We agree that the way to determine value is to see how the market values the thing. The problem in the stock market is that honest posting re the last 44 years of peer-reviewed research is banned at every internet site. Without access to discussions of what the peer-reviewed research says, the market is not able to function properly. In ordinary circumstances, participants in a market act in their best interests. It’s obviously not possible for stock investors to do this for so long as honest posting is prohibited at all sites,
This is one of the reasons why I am always says that we need to open every site to honest posting re the research. Once we do that, we obviously will no longer need to suffer with a CAPE value of 35
Rob


“ The problem in the stock market is that honest posting re the last 44 years of peer-reviewed research is banned at every internet site.”
Every internet site? What is YOUR definition of the last 44 years of peer-reviewed research (what studies have you included in that definition). Please elaborate more on your claim.
Robert Shiller publiushed peer-reviewed research in 1981 showing that valuations affect long-term returns. That research revolutionized (that word appears in the subtitle of his book) our understanding of how stock investing works.
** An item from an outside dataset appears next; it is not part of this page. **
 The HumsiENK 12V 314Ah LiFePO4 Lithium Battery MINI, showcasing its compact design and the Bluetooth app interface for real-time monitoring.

Learning that revealed to us what makes stocks risky (irrational exuberance) and how to combat it (valuation-based market timing). It’s the biggest advance in the history of personal finance. We should be talking about the how-to implications of Shiller’s research at every site. We will all be able to retire years earlier once we give ourselves permission to talk about what the peer-reviewed research shows.
It’s a logical impossibility that the safe withdrawal rate is always the same number in a world in which valuations affect long-term returns.. If we were all thinking clearly. there would not be even one person who favored a ban on honest posting at even a single site. We should all want to see the authors of retirement studies get the numbers right. People use retirement studies to plan retirements. I know this from personal experience. I saw people doing it at the old Motley Fool board.
Rob
So your definition is only your opinion of what one guy said in a publication from 44 years ago and nothing else. Got it.
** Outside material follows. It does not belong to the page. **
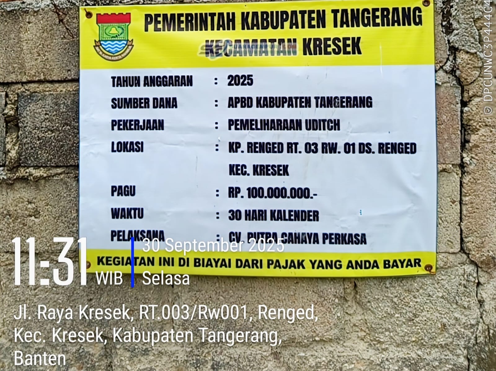 SUARAGEMPUR.COM | TANGERANG – Pelaksanaan proyek pemeliharaan saluran U-ditch di Kampung Renged, Desa Renged, Kecamatan Kresek, Kabupaten Tangerang, diduga kuat tidak sesuai dengan spesifikasi teknis. Kondisi pekerjaan yang dinilai amburadul ini membuat Pemerintah Kecamatan Kresek bertindak tegas, bahkan sudah melayangkan surat resmi hingga tiga kali kepada pihak pelaksana, CV. Putra Cahaya Perkasa.

Do you have a different opinion of how Shiller changed our understanding of stock investing? He was awarded a Nobel prize. He must have showed something of significance.
Rob
Shiller merely reinforced what we already knew. He told us that we should not try to time the market with CAPE. Too bad you didn’t listen.
Shiller published a paper in 1996 saying that investors who stuck with their high stock allocations despite the sky-high valuations of the day would live to regret it within 10 years. That sounds like an endorsement of market timing to me.